'''

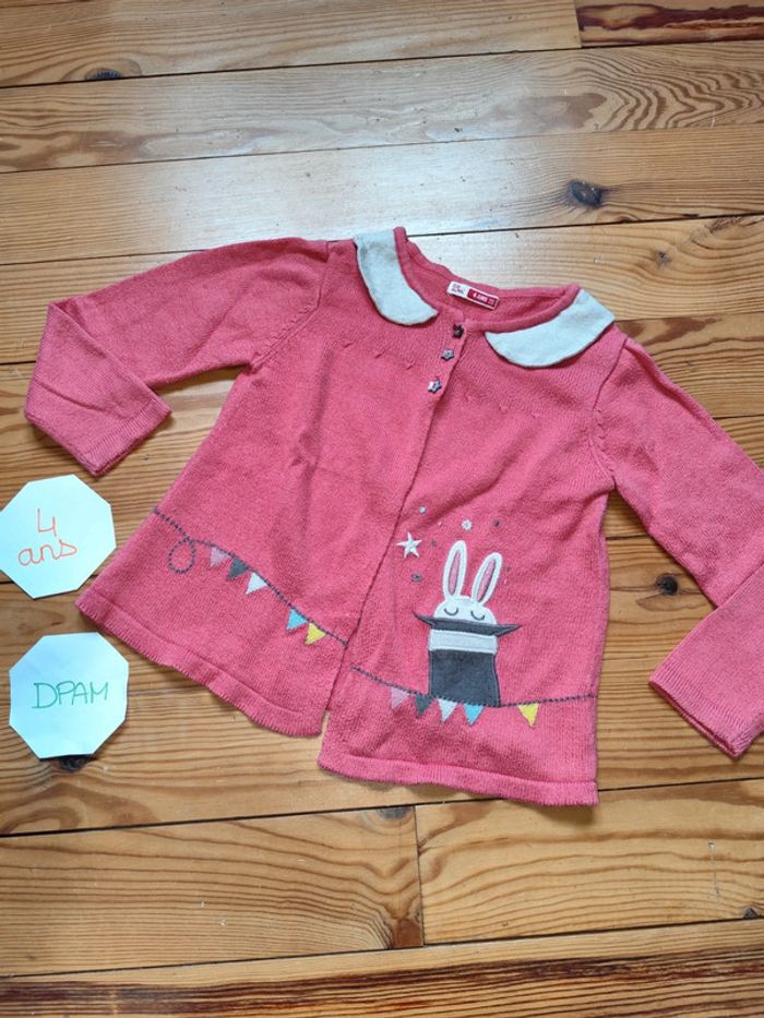 Gilet manches longues en laine, fermeture boutonnée, rose avec motifs. Très bon état. Marque : DPAM Taille : 4 ans #celine76590fille4ans
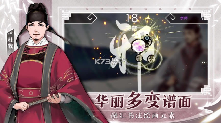 以诗入歌,首创重视歌词互动,将古典诗词融入游戏中,随着音乐节奏点击诗词,或如书法般画出文字。玩家在游玩中,体会诗词文字之美。多主角多线故事模式,重现历史典故,再现经典感动。
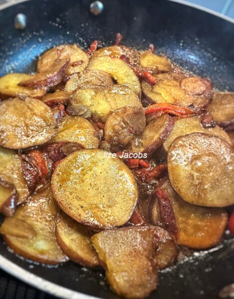 Voeg 75 ml kookwater by en smoor nog 10 – 15 minute totdat die patats sag is en meeste van die vloeistof weggekook het.
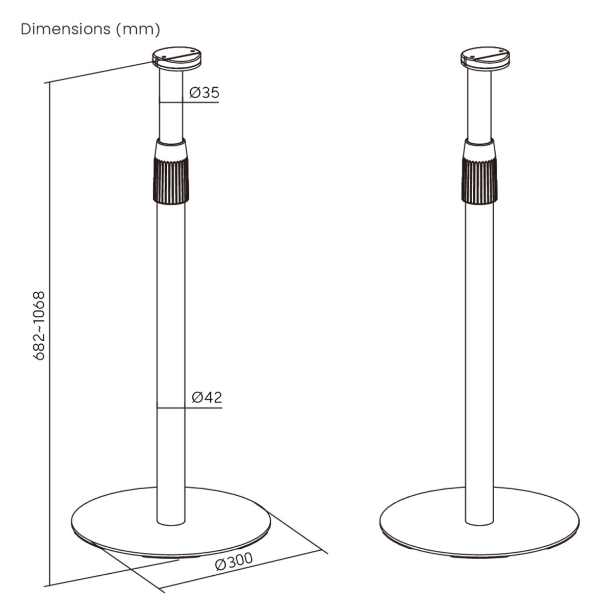 Podni stalci MC-496 dizajnirani su za savršeno postavljanje zvučnika SONOS ERA 100 i ERA 300. Zahvaljujući teleskopskom podešavanju visine lako ćete doraditi optimalnu razinu slušanja i usmjeravanje zvuka. Robusna čelična baza i čvrst stup osiguravaju sigurnu stabilnost bez neželjenih vibracija.
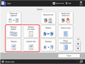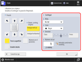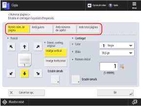 * Quan es realitza la numeració del conjunt de còpies, els números s'imprimeixen a totes les pàgines.
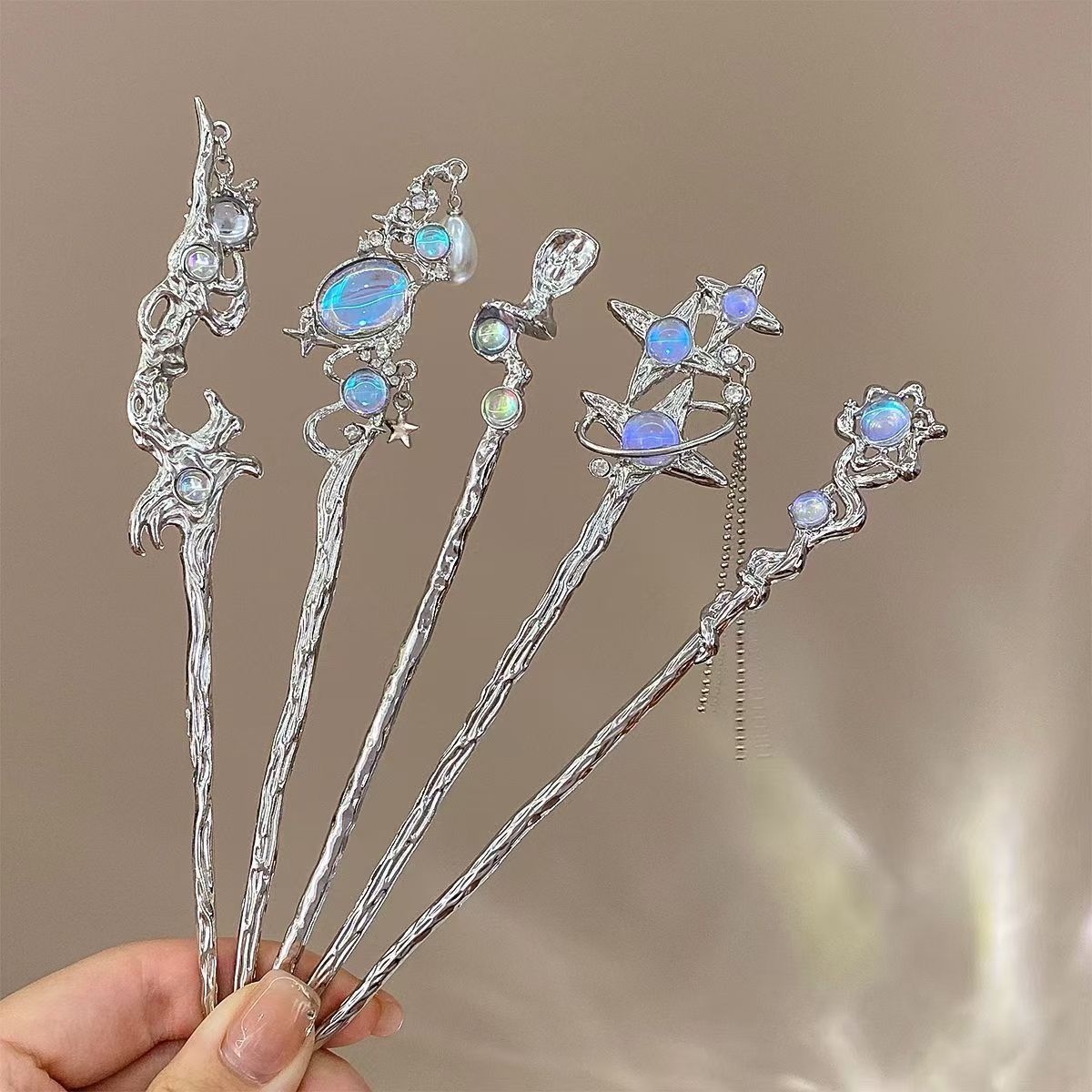 高級感星空月光石流蘇髪かんざし古風気質盤髪かんざし復古漢服歩揺髪かんざし飾り
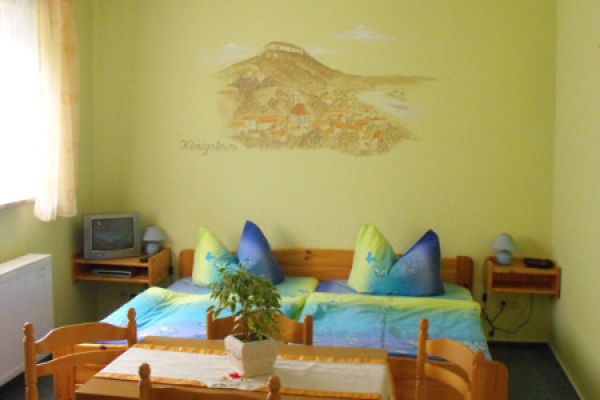 Malerisch eingebettet im Elbbogen am Fuße der Festung Königstein, im Herzen der Sächsischen Schweiz, liegt die Ferienwohnung Richter in Thürmsdorf auf dem Land. Die Ferienwohnung verfügt über einen separaten Eingang und bietet mit Aufbettung insgesamt Platz für 2 Erwachsene und 2 Kinder. Insbesondere für Wanderer und Mountainbiker bietet sich Thürmsdorf als Startpunkt für große und kleine Touren unterschiedlichster Schwierigkeitsgrade an. Urlaub auf dem Land bedeutet in diesem Fall, dass Bergsteiger und Kletterer in der Nähe unzählige Felsformationen bezwingen können. Als Belohnung winkt ein grandioser Ausblick in die wild-romantische Natur des Elbsandsteingebirges bis hin ins Böhmische Bergland.
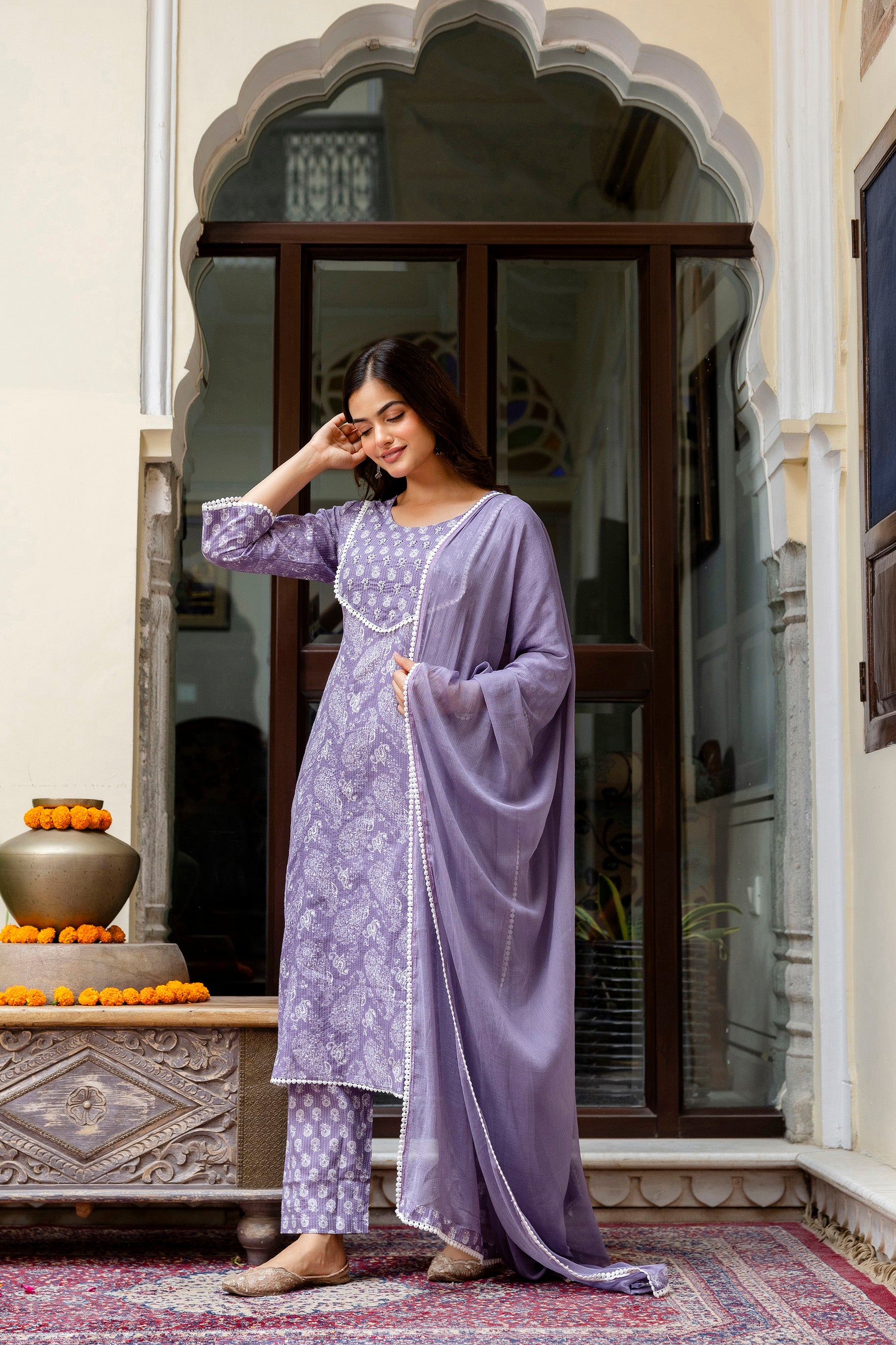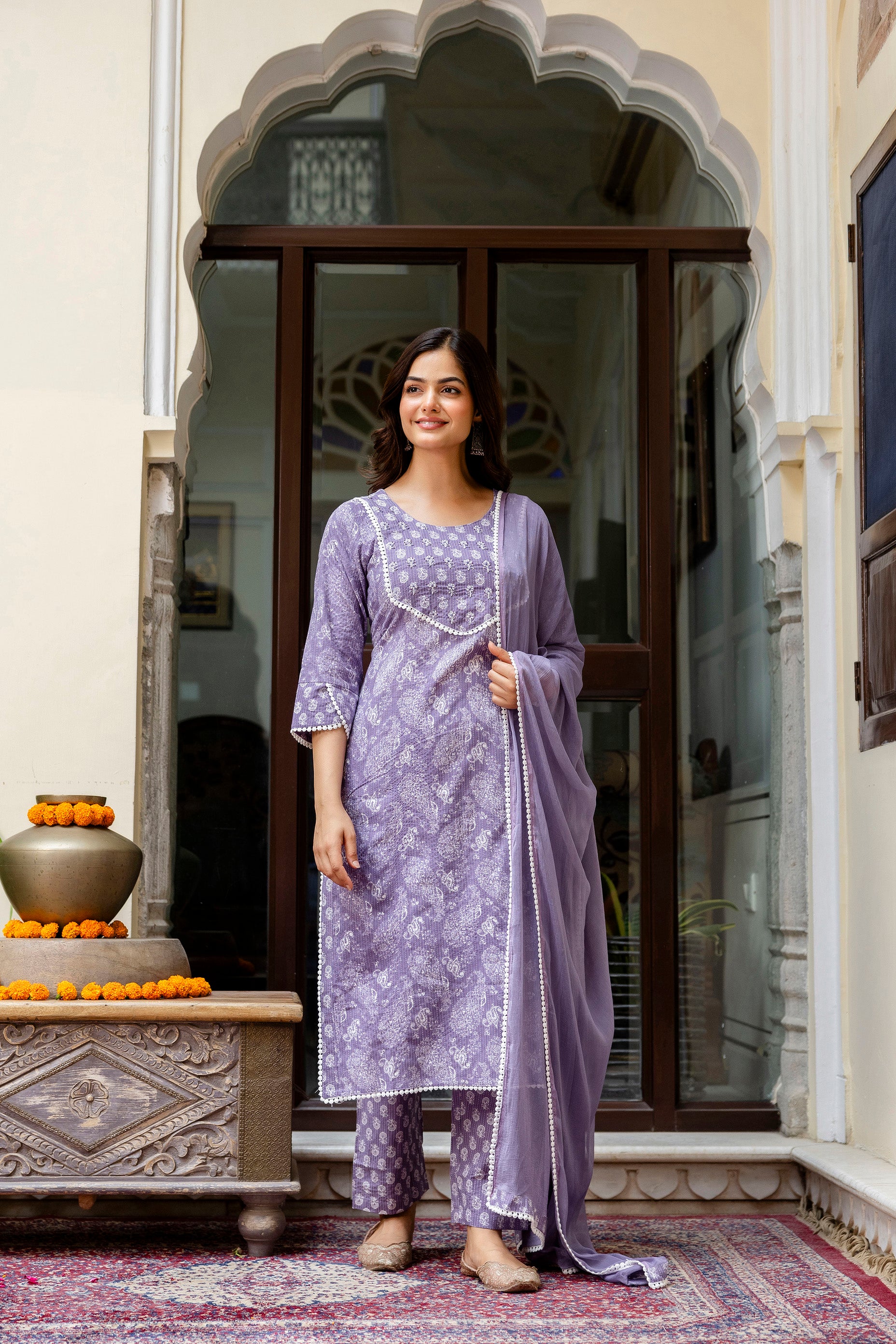 Buy Floral Printed Cotton Kurta Set with Pyjama & Dupatta – Viral Crafts®
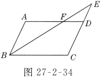 例1 如图27-2-34所示,在□ABCD中,E是CD的延长线上一点,BE与AD交于点F,DE = $\frac{1}{2}$CD.

'''

• [Exercise requirements]: Repeat, word for word, the lines of the material above from the one holding "以诗入歌,首创重视歌词互动,将古典诗词融" through the one holding "高級感星空月光石流蘇髪かんざし古風気質盤髪かんざし復古漢服歩揺髪かんざし飾り". Leave out pictures.

• [Response to the task]:
 以诗入歌,首创重视歌词互动,将古典诗词融入游戏中,随着音乐节奏点击诗词,或如书法般画出文字。玩家在游玩中,体会诗词文字之美。多主角多线故事模式,重现历史典故,再现经典感动。
 Voeg 75 ml kookwater by en smoor nog 10 – 15 minute totdat die patats sag is en meeste van die vloeistof weggekook het.
 Podni stalci MC-496 dizajnirani su za savršeno postavljanje zvučnika SONOS ERA 100 i ERA 300. Zahvaljujući teleskopskom podešavanju visine lako ćete doraditi optimalnu razinu slušanja i usmjeravanje zvuka. Robusna čelična baza i čvrst stup osiguravaju sigurnu stabilnost bez neželjenih vibracija.
 * Quan es realitza la numeració del conjunt de còpies, els números s'imprimeixen a totes les pàgines.
 高級感星空月光石流蘇髪かんざし古風気質盤髪かんざし復古漢服歩揺髪かんざし飾り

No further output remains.